On 06/06/2016 10:11 AM, Guido van Rossum wrote:
On Mon, Jun 6, 2016 at 4:23 AM, Sturla Molden <sturla.molden@gmail.com> wrote:
Guido van Rossum <guido@python.org> wrote:
I'm not sure I meant that. But if I have a 3rd party extension that compiles with 3.5 headers using C89, then it should still compile with 3.6 headers using C99. Also if I compile it for 3.5 and it only uses the ABI it should still be linkable with 3.6.
Ok, but if third-party developers shall be free to use a C89 compiler for their own code, we cannot have C99 in the include files. Otherwise the include files will taint the C89 purity of their source code.
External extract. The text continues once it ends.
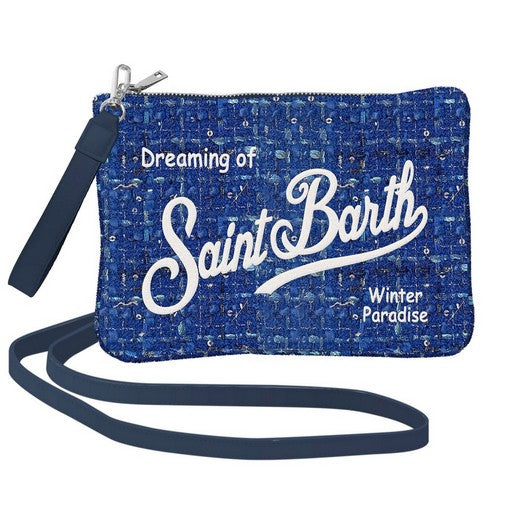 Bluette Parisienne tweed and lurex pouch from Mc2 St.Barth, lined interior, matching wrist strap and removable shoulder strap. Embroidered brand logo.
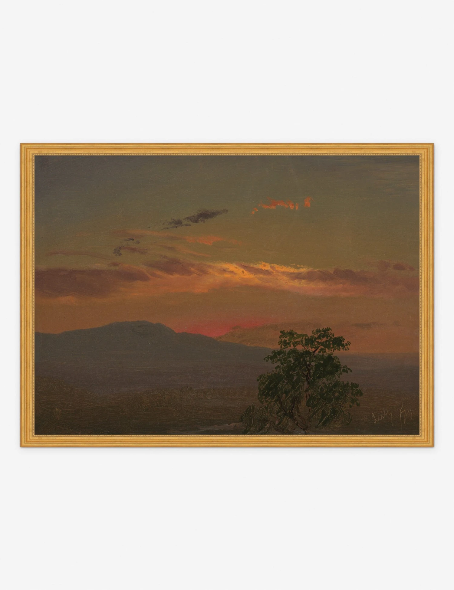Bring a quiet depth to your wall decor with this beautiful reproduction. The piece captures the warmth and drama of a sunset over the Hudson valley with a serene composition. We love the bold hues and dusky tones for a gallery art wall or moody curation.

Well, they should use the right compiler for the Python version they are targeting. I'm just saying that they can't afford C99 features in their own code. Not even to call C/Python APIs. I think it would be okay if e.g. Py_INCREF was an inline function in Python 3.6, as long as the way you use it remains the same.
Right. So we could use C99 features in 3.6 .h files, as long as the same extension module, unmodified, could be compiled with 3.5 .h files with a 3.5 approved (C89) compiler, and also with a 3.6 approved (C99) compiler. The headers would be different, but so would the compilers. It's the extension module source code that must be the same in the two scenarios. We're not saying that an extension module must compile with a C89 compiler under 3.6. Eric.